Supplied data -
————

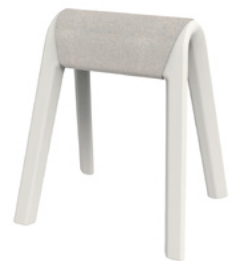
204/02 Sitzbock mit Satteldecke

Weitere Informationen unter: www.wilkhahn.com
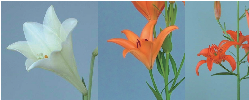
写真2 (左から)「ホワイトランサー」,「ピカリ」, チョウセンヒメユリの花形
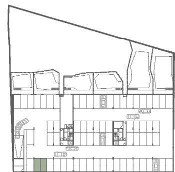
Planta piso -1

————

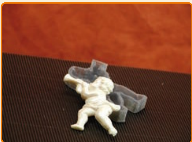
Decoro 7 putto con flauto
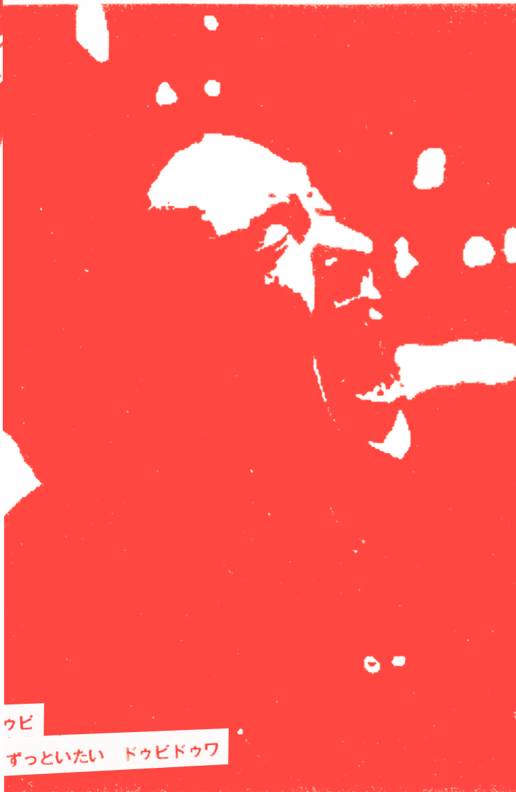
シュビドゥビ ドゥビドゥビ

————

Task to carry out - Word for word, repeat the lines above from the one with "204/02 Sitzbock mit Satteldecke" through the one with "Planta piso -1", and nothing beyond them. Omit the pictures.

Response to the task -
204/02 Sitzbock mit Satteldecke

Weitere Informationen unter: www.wilkhahn.com
写真2 (左から)「ホワイトランサー」,「ピカリ」, チョウセンヒメユリの花形
Planta piso -1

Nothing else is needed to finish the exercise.